Self-Abasement: The Counter-Pattern
Against the ambition pattern the Bible places a counter-line of figures who, on being approached for office, name their own smallness. Abraham: "Seeing now that I have taken on myself to speak to the Lord, who am but dust and ashes" (Gen 18:27). Moses: "Who am I, that I should go to Pharaoh, and that I should bring forth the sons of Israel out of Egypt?" (Ex 3:11), and again, "I am not eloquent, neither before, nor since you have spoken to your slave; for I am slow of mouth, and slow of tongue" (Ex 4:10). Saul, on first hearing of his anointing: "Am I not a Benjamite, of the smallest of the tribes of Israel? And my family the least of all the families of the tribe of Benjamin?" (1 Sa 9:21). Agur: "Surely I am more brutish than any man, And don't have the understanding of man" (Pr 30:2). John the Baptist: "There comes after me he who is mightier than I, the strap of whose sandals I am not worthy to stoop down and unloose" (Mk 1:7). Paul: "I am the least of the apostles, who am not meet to be called an apostle, because I persecuted the church of God" (1 Co 15:9).
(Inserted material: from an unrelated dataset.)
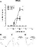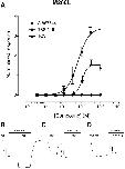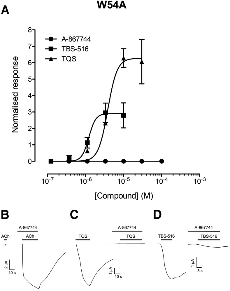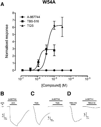 Fig. 7. Allosteric modulation of α7W54A by A-867744, TBS-516, and TQS. Mutated α7W54A nAChRs were expressed in Xenopus oocytes and examined by two-electrode voltage-clamp recording. (A) Concentration-response data illustrating agonist activation by TBS-516 and TQS but the absence of agonist activity with A-867744. Data are the mean ± S.E.M. of three independent experiments, each from different oocytes. Data are normalized to the maximum acetylcholine response. (B) Representative traces illustrating responses to acetylcholine (100 μM; left) together with acetylcholine responses from the same oocyte after preapplication (10 seconds) and coapplication of A-867744 (1 μM; right). (C) Representative traces illustrating responses to TQS (10 μM; left) together with TQS responses from the same oocyte after preapplication (10 seconds) and coapplication of A-867744 (1 μM; right). (D) Representative traces illustrating responses to TBS-516 (10 μM; left) together with TBS-516 responses from the same oocyte after preapplication (10 seconds) and coapplication of A-867744 (1 μM; right). |
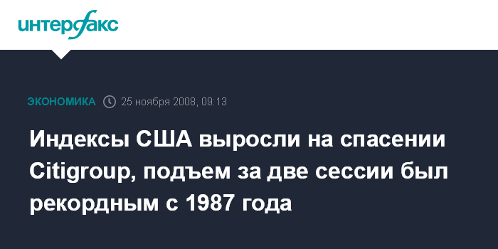 Индексы США выросли на спасении Citigroup, подъем за две сессии был рекордным с 1987 года

This counter-pattern is not a refusal of all desire to act. Each of these figures is in fact called and serves. The pattern is rather the proper interior posture of one who is being entrusted with office.
Godly Ambition
A small body of texts shows that the desire to take up office, when its object is service rather than honor, is not condemned. Paul writes to Timothy: "Faithful is the saying, If a man seeks the office of overseer, he desires a good work" (1 Ti 3:1). The verb of seeking is not refused; the object — a good work — reframes it.
The narrative of 1 Maccabees registers, by contrast, what the late-life retrospective of imperial ambition sounds like in its own voice. Antiochus Epiphanes confesses, near death: "Into how much tribulation I came, and into what floods of sorrow I now am. I who was pleasant and beloved in my power!" (1Ma 6:11). The reversal is Babel's reversal, Sennacherib's reversal, Haman's reversal, Absalom's reversal — and the inverse of the path the disciples were taught at Capernaum.
Closing Synthesis
The verdict on ambition runs through both testaments along similar lines. Self-exalting ambition shows up at Eden, at Babel, in imperial boasting, in usurpation and fratricide, and in the disputes of Pharisees and even of apostles. It is repeatedly reversed: "your eyes [your Speech] are on the haughty, that you may bring them down" (2 Sa 22:28); "I will bring you down from there, says Yahweh" (Ob 1:4). The counter-pattern offered to Christ's followers is not the suppression of action but the inversion of the metric — first becomes last, great becomes servant, chief becomes the one who serves (Mk 9:35; Mk 10:43-44; Lu 22:26). The ambition Scripture commends in 1 Timothy is the desire for "a good work" (1 Ti 3:1), undertaken in the posture of those who, like Moses, first ask, "Who am I?" (Ex 3:11).